L’affaire du travail du dimanche est emblématique. A part la demande de quelques grandes surfaces, rien ne poussait à son accroissement, et rien ne dit qu’il aura un effet significatif sur l’emploi. C’est typiquement un point où le grand capital et la pression idéologique mondialiste convergent, contre le sentiment populaire, que défendent pour une fois les syndicats et l’Eglise. Les arguments agités par les partisans du travail « libéré » sont singulièrement pauvres. Ils disent qu’on travaille plus le dimanche dans certains pays. C’est vrai, mais moins dans d’autres. Et alors ? Ils disent que 27% des Français travaillent déjà le dimanche. C’est vrai. Mais, parmi ceux-ci, combien, petits commerçants et agriculteurs, souhaitent l’extension de l’ouverture des grandes surfaces ? Epsilon.
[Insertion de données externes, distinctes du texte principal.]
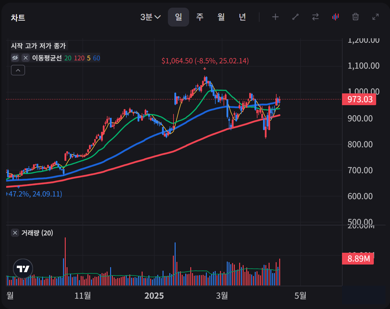 - 분할 매수 전략: 현재 가격($973.03)에서 일부 포지션을 시작하고, 주가 조정 시 추가 매수하는 방식으로 평균 매수가를 낮추는 전략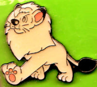 Leo/Kimba measures approximately 1 inch high and 1.25 inches long. The pin has yellowed slightly with age.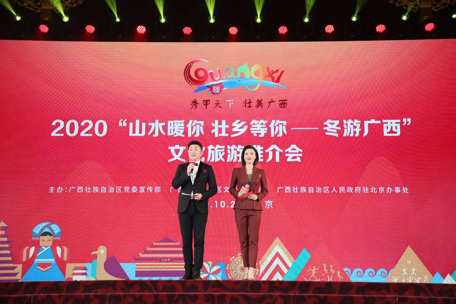 10月22日,由广西壮族自治区党委宣传部、自治区文化和旅游厅、自治区人民政府驻北京办事处共同主办的2020年“山水暖你 壮乡等你——冬游广西”文化旅游推介会在北京举办。

Et parmi les autres, employés souvent précaires, combien aimeraient ne pas travailler le dimanche, si cela leur était possible ?
 

Ce qui est visé dans le dimanche, c’est le catholicisme et la France

 
La majorité. L’argument n’a donc strictement aucune valeur. Un autre relève que la législation et les règlements sur l’ouverture le dimanche sont confus et contradictoires. Ce n’est pas faux, mais est-ce une raison pour les aggriaver ? Cet argumentaire révèle, dans sa pauvreté, que le débat n’est nullement économique, mais politique et idéologique. Mgr Robert Poinard, vicaire général du diocèse aux armées, a publié un long texte où il situe clairement les véritables enjeux. Il y fait l’historique du dimanche jour chômé pour la défense et la protection des petits, en rappelle la valeur chrétienne, consacrée au Seigneur, et affirme sans ambiguïté que le « bien commun doit primer », afin que « le bien-être des uns » ne devienne pas « l’esclavage des autres ».
 
Il est clair que la loi Macron ne vise pas ici seulement à se débarrasser des liens syndicaux, arrêtés préfectoraux, et règlements divers jugés trop restrictifs, ni a donner de nouvelles parts de marché aux grandes surfaces. Elle s’inscrit dans une réforme idéologique de la France qui vise à vider celle-ci de son identité, ici de son identité chrétienne. Car c’est le découpage du temps commun qui est en cause, donc du « vivre ensemble », pour reprendre leur vocabulaire. Ce « vivre ensemble » doit être « déconstruit » (en français, détruit) pour ne plus se conformer à la France d’avant, chrétienne, mais à la France plurielle et laïque de Jacques Attali et des mondialistes, chaque communauté ayant son jour de culte et son jour chômé. La position abusive aux yeux du mondialisme idéologique qui est celle du dimanche doit être supprimée. Emmanuel Macron est un démagogue hors pair : il réunit dans son entreprise l’argent, la maçonnerie, les communautés religieuses minoritaires en France, et les gourous de la gouvernance globale. Il ne lui manque que le peuple.